TEMPORAL TAGGING FOR TOPIC DETECTION AND TRACKING

The goal of topic detection and tracking (TDT) is to organize news documents in an event-based way by building clusters of topics [Allan, 2002]. In this context, a topic is typically defined as “a seminal event or activity, along with all directly related events and activities” [Fiscus and Doddington, 2002]. For instance, the very first news article about a plane crash opens a new topic, and following news articles such as reports about the number of fatalities belong to the same topic. In contrast, news articles reporting about another plane crash do not belong to the same cluster. To decide whether an upcoming news document belongs to an existing cluster or opens a new cluster, the similarity between documents is typically determined based on some information extracted from the documents. For instance, Makkonen et al. [2003] create event vectors consisting of (i) names, (ii) locations, (iii) temporals, and (iv) content words.

Figure 1.2: Excerpts of the Wikipedia page about “Heidelberg University” and a timeline to which occurring temporal expressions are mapped. The content is not reported in a chronological order due to different topical sections about Heidelberg University. Thus, temporal tagging is crucial to correctly extract and order event information in a chronological way.

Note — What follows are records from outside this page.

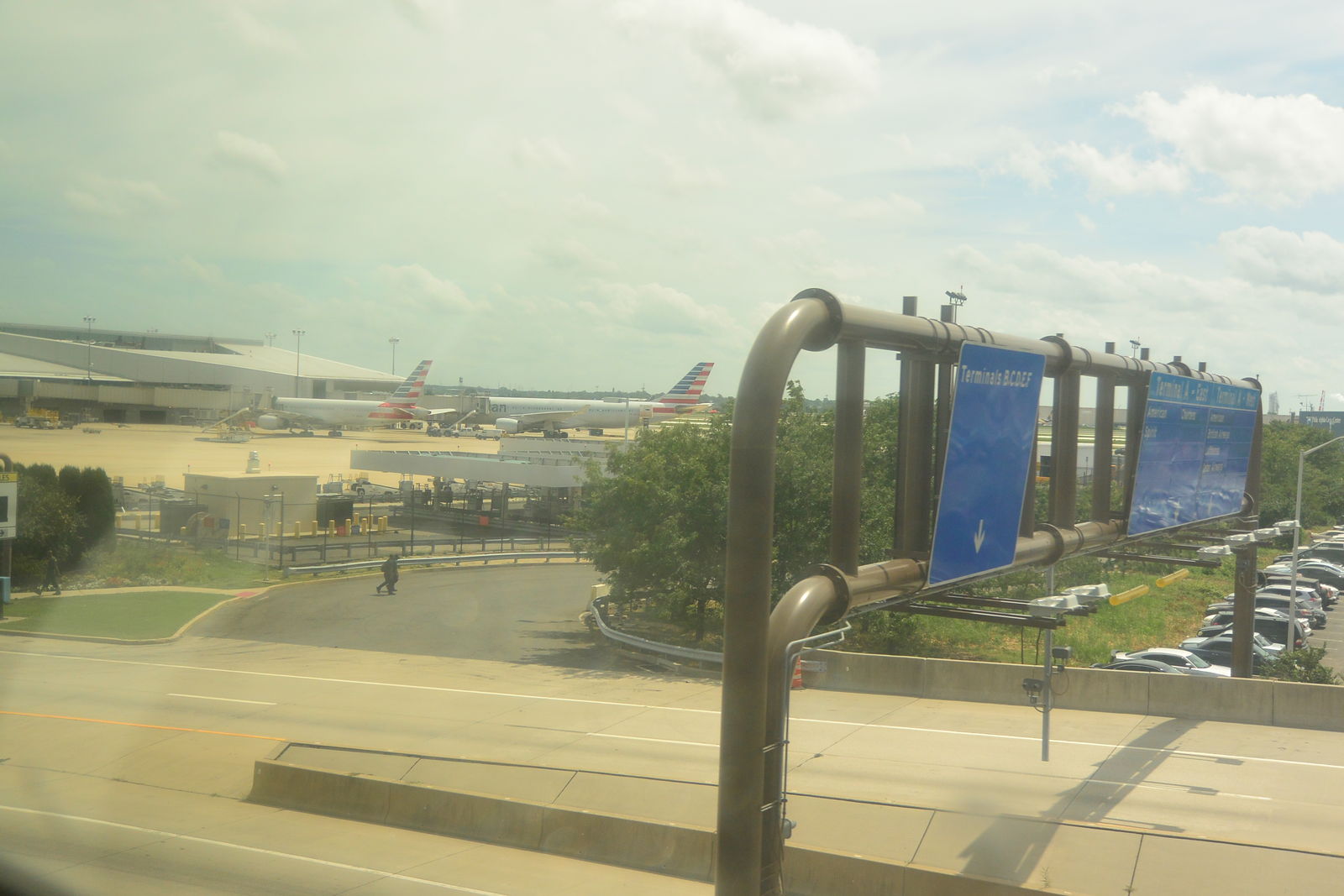 30分もかからず,電車は空港に近づいてきた。窓から右手に広い空港が見られるようになった。アメリカの空港はどこもあまりに広すぎて,ターミナルから歩いて外にでるなんて不可能である。だから,たとえ空港に隣接したホテルであっても,車がなくそこに行くのは不可能である。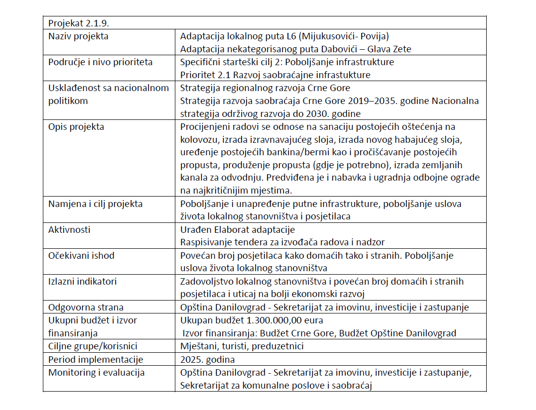 Prethodno navedeni projekti (L6 i Vodovod) su u takozvanoj zreloj fazi tj. imaju pripremljenu tehničku dokumentaciju odnosno elaborate. Projekti ne zahtjevaju procese eksproprijacije pa je i to jedan od razloga zrelosti ovih projekata uz, kako smo naveli, izrađenu dokumentaciju. Preostalo je da se obezbijede sredstva i započne realizacija ovih projekata – što je zbog faze u kojoj se nalazi značajno lakše. Tu činjenicu potvrđuje i uključivanje ovih projekata u Strateški plan razvoja Opštine Danilovgrad.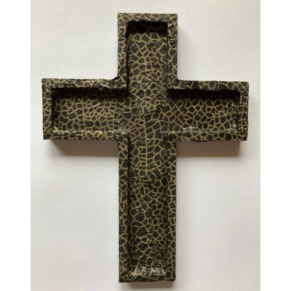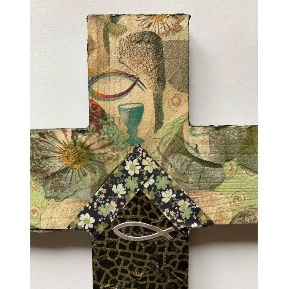 Das fertig-gestaltete Kreuz ist durch den verwendeten Kleber und Lack versiegelt, so dass keine Feuchtigkeit ins Papier eindringen kann. Zusätzliches Schmuckelement ist ein kleiner silberfarbener Fisch als Symbol für den christlichen Glauben.

Figure 1.3: Excerpts of the CNNMoney article of Figure 1.1. After reporting on a recent happening, it refers to an event from the past in its last paragraph. Again temporal tagging is crucial to correctly extract and order event information.

In general, ambiguous expressions—such as “Tuesday”, “Friday”, and “March” in the news article shown in Figure 1.3—are quite frequent in news documents. To be able to exploit information about temporal expressions occurring in documents, temporal tagging is again a prerequisite because not just the detection but in particular the normalization of temporal expressions is crucial for successful topic detection and tracking.

TEMPORAL TAGGING FOR INFORMATION RETRIEVAL

During recent years, the value of temporal information has been increasingly exploited in the context of information retrieval research and applications [Alonso et al., 2007, 2011, Campos et al., 2014, Derczynski et al., 2015, Kanhabua et al., 2015]. Note, however, that there are different types of temporal information that can be used in information retrieval scenarios. The two main aspects are (i) time as a dimension of relevance and (ii) time as query topic.

On the one hand, when time is used as a dimension of relevance, temporal tagging is not needed. However, information about the document creation time is typically utilized to improve the ranking of documents. For example, for news-related queries, the freshness of search results may be important [see, e.g., Li and Croft, 2003]. In addition to improving search results, time as contextual information can be used to perform time-sensitive query auto-completion [Sengstock and Gertz, 2011, Shokouhi and Radinsky, 2012].

On the other hand, temporal tagging plays a crucial role when time is a query topic. No matter whether the temporal part of a query is provided explicitly or implicitly, temporal expressions occurring in potentially relevant documents have to be detected, normalized, and compared to the temporal aspect of the query. Berberich et al. [2010], for instance, integrate temporal expressions into a language modeling approach, and Strötgen and Gertz [2012a] present a query model to explicitly formulate temporal queries in a flexible way. Note that time as query topic must be handled by search engines, because temporal queries occur frequently as was shown by some query log analyses of web search engines: Nunes et al. [2008] found 1.5% queries with explicit temporal information, Metzler et al. [2009] determined 7% queries with implicit temporal intent, and Zhang et al. [2010] reported 13.8% for queries with explicit time and 17.1% with implicit time.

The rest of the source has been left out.